> Available records:
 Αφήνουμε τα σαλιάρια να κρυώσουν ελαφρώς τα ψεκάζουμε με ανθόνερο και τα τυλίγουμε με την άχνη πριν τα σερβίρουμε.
...
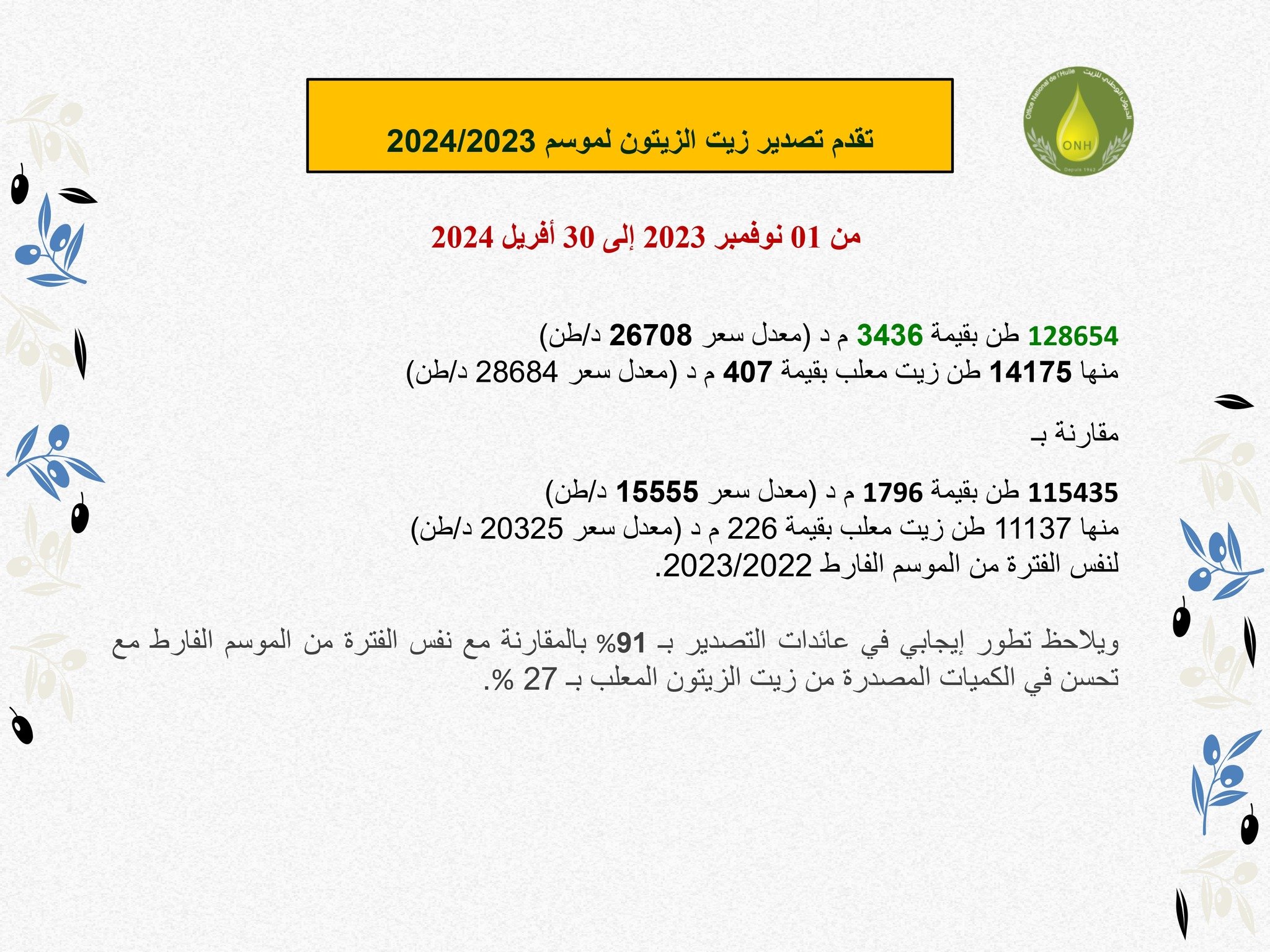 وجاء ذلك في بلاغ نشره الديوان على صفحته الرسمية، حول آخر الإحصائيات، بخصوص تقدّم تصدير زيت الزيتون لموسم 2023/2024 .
...
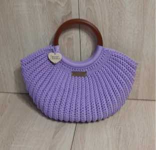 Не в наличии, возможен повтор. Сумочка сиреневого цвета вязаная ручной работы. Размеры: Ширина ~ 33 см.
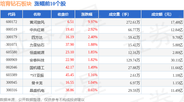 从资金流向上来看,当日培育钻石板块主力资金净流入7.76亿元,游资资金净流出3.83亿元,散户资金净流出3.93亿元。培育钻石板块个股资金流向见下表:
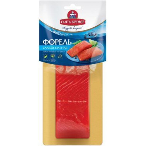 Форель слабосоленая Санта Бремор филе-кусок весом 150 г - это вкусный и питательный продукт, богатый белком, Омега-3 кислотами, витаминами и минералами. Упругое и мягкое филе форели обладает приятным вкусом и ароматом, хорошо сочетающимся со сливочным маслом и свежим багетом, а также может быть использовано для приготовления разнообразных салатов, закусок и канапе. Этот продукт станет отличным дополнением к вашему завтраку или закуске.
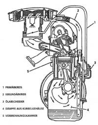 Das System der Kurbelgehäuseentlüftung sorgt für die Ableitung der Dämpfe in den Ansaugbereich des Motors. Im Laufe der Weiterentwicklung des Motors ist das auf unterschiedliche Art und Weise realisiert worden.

> About this task: Beginning with the line above that has "从资金流向上来看,当日培育钻" and going on through the line that has "Das System der", retype every line exactly and add nothing else; drop the pictures.

> Result of this exercise:
 从资金流向上来看,当日培育钻石板块主力资金净流入7.76亿元,游资资金净流出3.83亿元,散户资金净流出3.93亿元。培育钻石板块个股资金流向见下表:
 Форель слабосоленая Санта Бремор филе-кусок весом 150 г - это вкусный и питательный продукт, богатый белком, Омега-3 кислотами, витаминами и минералами. Упругое и мягкое филе форели обладает приятным вкусом и ароматом, хорошо сочетающимся со сливочным маслом и свежим багетом, а также может быть использовано для приготовления разнообразных салатов, закусок и канапе. Этот продукт станет отличным дополнением к вашему завтраку или закуске.
 Das System der Kurbelgehäuseentlüftung sorgt für die Ableitung der Dämpfe in den Ansaugbereich des Motors. Im Laufe der Weiterentwicklung des Motors ist das auf unterschiedliche Art und Weise realisiert worden.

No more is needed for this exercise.